(Supplied information Opens)

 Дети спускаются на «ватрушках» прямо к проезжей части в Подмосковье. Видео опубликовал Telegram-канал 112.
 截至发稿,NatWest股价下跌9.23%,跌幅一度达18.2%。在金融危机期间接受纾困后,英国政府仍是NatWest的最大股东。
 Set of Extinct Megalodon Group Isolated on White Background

(Supplied information Closes)
(Supplied information Opens)

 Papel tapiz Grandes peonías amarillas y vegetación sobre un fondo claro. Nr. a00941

(Supplied information Closes)
(Supplied information Opens)

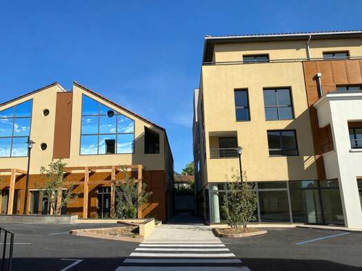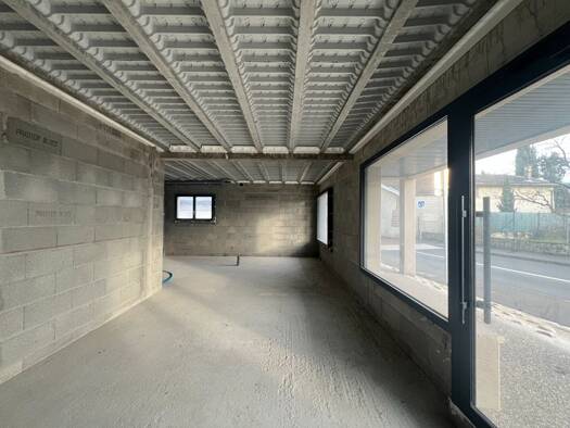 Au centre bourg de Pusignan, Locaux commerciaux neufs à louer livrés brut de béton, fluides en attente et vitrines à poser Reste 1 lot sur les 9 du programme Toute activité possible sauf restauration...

(Supplied information Closes)

Task statement » From the listing above, output exactly the run of lines that starts with the line containing "截至发稿,NatWest股价" and ends with the line containing "Set of Extinct".

Answer below »
 截至发稿,NatWest股价下跌9.23%,跌幅一度达18.2%。在金融危机期间接受纾困后,英国政府仍是NatWest的最大股东。
 Set of Extinct Megalodon Group Isolated on White Background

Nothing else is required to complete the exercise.